Recent events in the UK beg similar questions. In jagged contrast with our crises of rising homelessness, growing hunger and widespread poverty we have grossly iniquitous corporate failures, outright greed and tax dodging from rentier landlords, and billionaires acting like reproachful toddlers handing back their broken and unprofitable train sets. Feather-bedded socialism for the rich and devil-take-the-hindmost capitalism for everybody else is not a recipe for long-term stability or happiness.
We know that the wealth to fix our social problems (many times over) already exists. It’s just concentrated in too few hands that too often seem unwilling to work for the common good, either through productive investment or by paying taxes. The upshot is an increasingly divided and sclerotic economic and social system. Torsten Bell from the Resolution Foundation in a recent article on UK wealth inequality (paraphrasing the French economist Thomas Piketty) comments that “who was born with what and who marries whom might make for a good Jane Austen novel, but it can’t be an acceptable answer to the kind of country we want to build.”

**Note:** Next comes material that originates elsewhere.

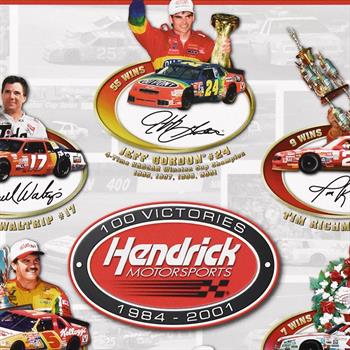 "Celebrating 100 Victories" is a limited edition collectible poster from an edition size of 10,100. This piece bears the plate signatures of such NASCAR greats Jeff Gordon, Rick Hendrick, Ricky Rudd and more. Includes Letter of Authenticity. Measures approx. 20" x 24".

So, the rich in the UK and across the world have a choice: they can either continue to see people and planet merely as resources for them to exploit for their own enrichment, or they can join in the efforts to slash inequality, eradicate poverty and transition to a sustainable economic model. If they continue to make the wrong choices then more and more people will inevitably ask: what use are the rich and why do we tolerate them?